Edge cases weren’t brainstormed in isolation. Each one was surfaced in the stakeholder walkthroughs, the observation session, or a structured review I ran with the dev team midway through the design phase. The dev team brought three cases we hadn’t considered (slow GPS updates, off-route behaviour, urban clustering) based on known issues from the existing GPS integration.

Edge 01
No GPS / stale location
“Last seen X mins ago” state, not a masked gap. Warning banner after 10 minutes. Prioritised after past incidents caused by acting on outdated data.
Edge 02
Multiple vehicles
Sidebar lists all active runs with progress and status. Switching context is one click, not a back-navigation.
Edge 03
Slow GPS polling
Slow updates trigger stale state automatically. Threshold agreed with dev team based on GPS polling interval.
Edge 04
Off-route behaviour
Deviation shown as fact, not error. The operator decides what it means. Ad-hoc route changes are common and legitimate.
Edge 05
Dense urban areas
Clustered pins merge into count indicator at lower zoom. Known problem in existing GPS UI, designed in from the start.
Edge 06
Empty / loading / error states
All three designed as a set.
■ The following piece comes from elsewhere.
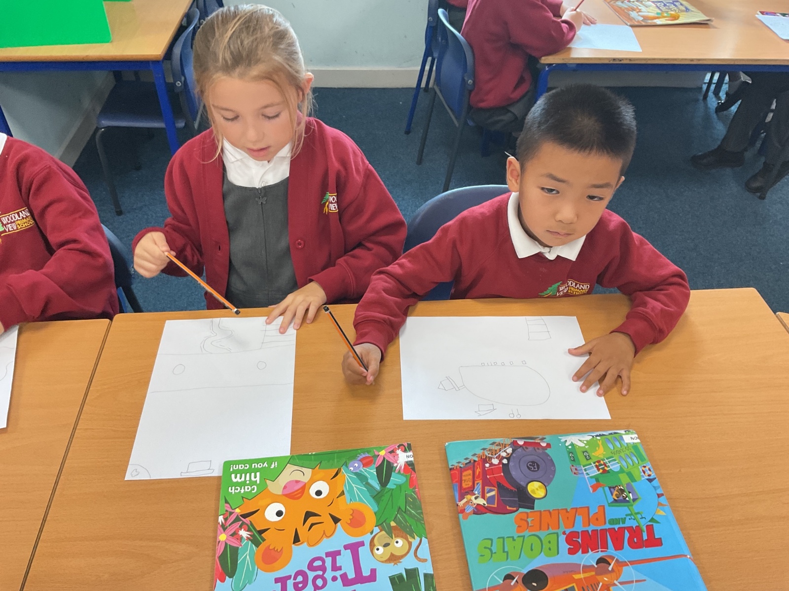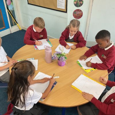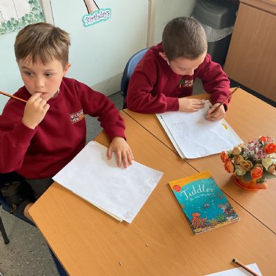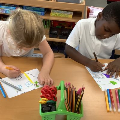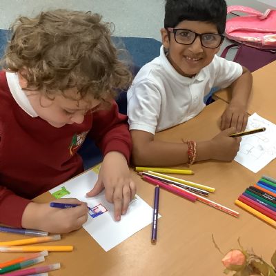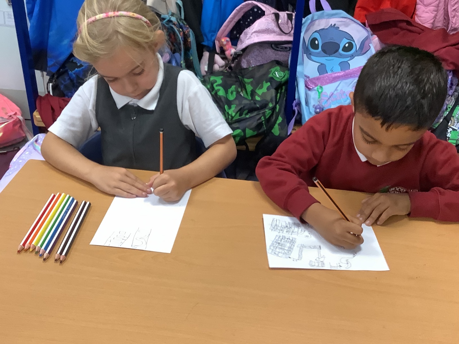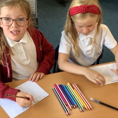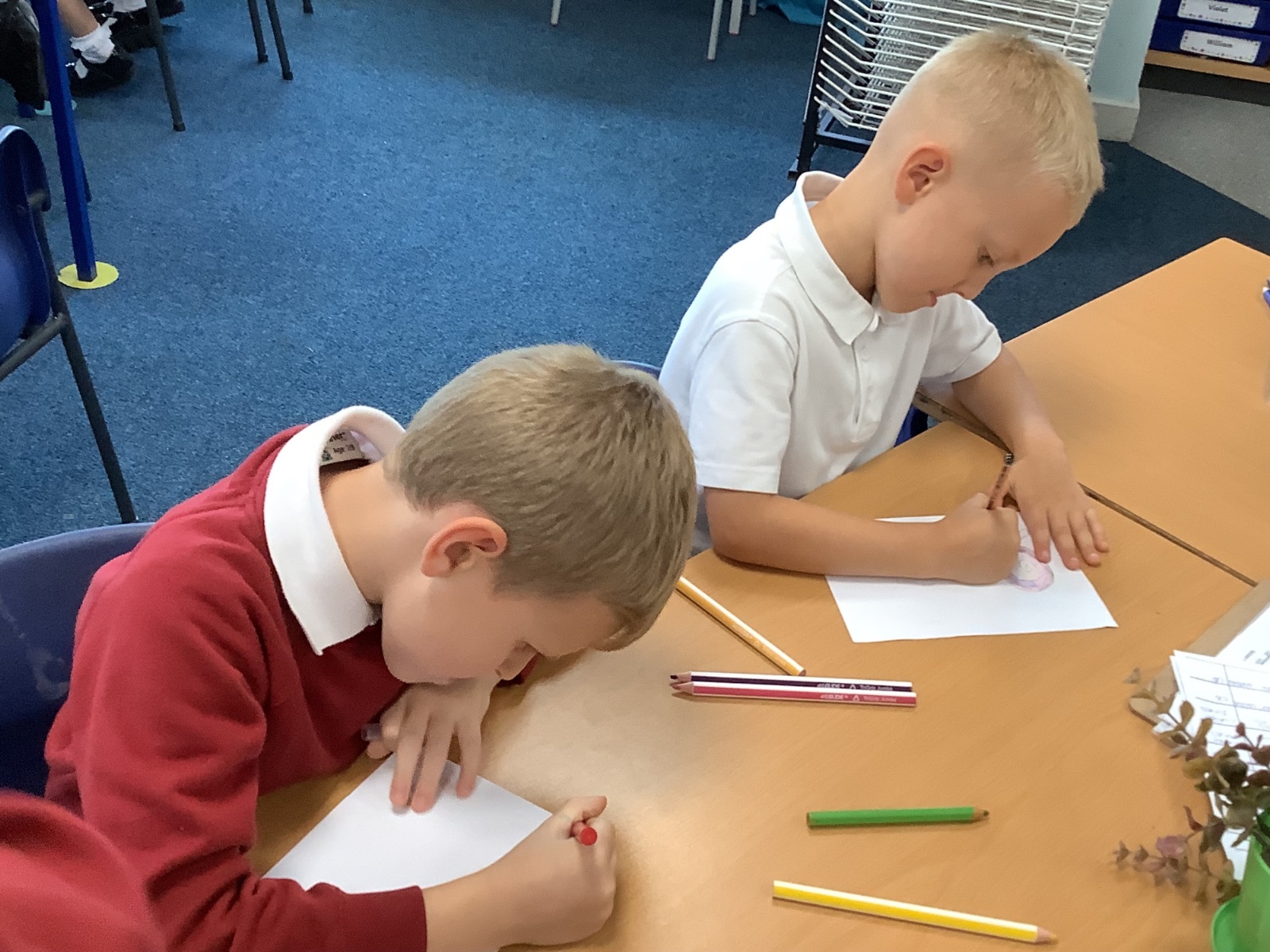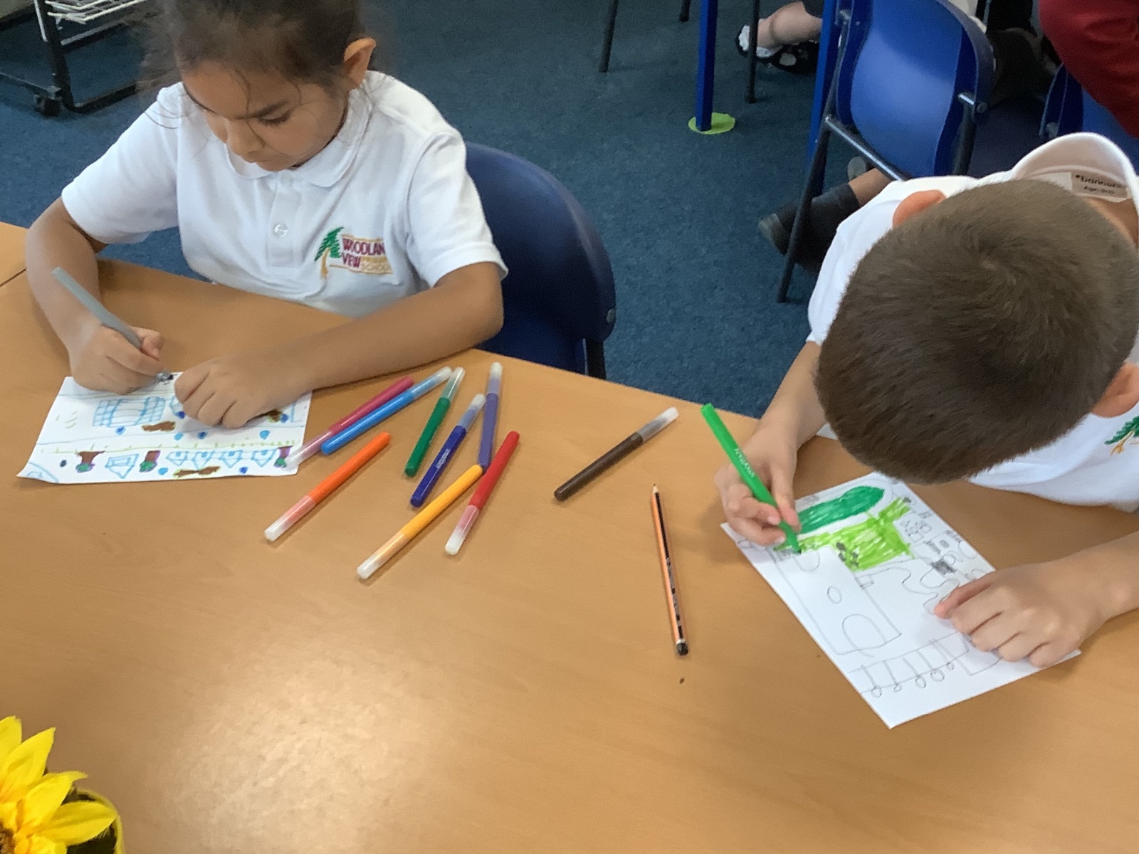 We used a map to hunt for letters around the school grounds which spelt out the value for this term - courage! Here we are also having a go at making our own maps.

Loading skeleton, permissions-missing state, no-GPS empty state.
Stale data warning state, GPS signal lost
Stale data warning state, GPS signal lost
08 How We Would Measure Success

Metrics agreed before production.

Because the project involved NDAs and live operational data, I cannot share production metrics. The following success criteria were agreed with the product manager before development began, and a measurement plan was in place for the first four weeks post-launch:

Metric 01

Time to locate

Reduced time to answer, “where is the driver?” in internal testing and user sessions.

Metric 02

Support calls

Fewer escalations related to vehicle whereabouts during live ops windows.

Metric 03

Task success

Higher success rate for exception triage: “identify why stop X is late.”

Metric 04

Adoption

Map tab used during live ops hours by >60% of dispatchers in first month.

09 What I Learned

Context is the product.

01
The gap is always context, not data.
MaxOptra had the data. The real gap between “what the data says” and “what an operator needs to act” is almost always a context problem. The work was building the right frame around information that already existed.
02
The walkthrough format surfaces what tickets don’t.
Asking people to narrate a real exception scenario step by step, rather than describe their workflow in the abstract, consistently produces more actionable insight than open-ended questions. Five pain points surfaced that had never appeared in any backlog or support ticket.
03
Pushing back on the brief was the single highest-impact decision.
The architectural choice to use tabs rather than a modal shaped the sidebar, the multi-vehicle workflow, and the ability to hold map and list in mind simultaneously. The product team agreed quickly once I showed the alternative in low-fidelity.

Specific UI details and client data are anonymised or altered due to NDA. The design process, decisions, and rationale are my own.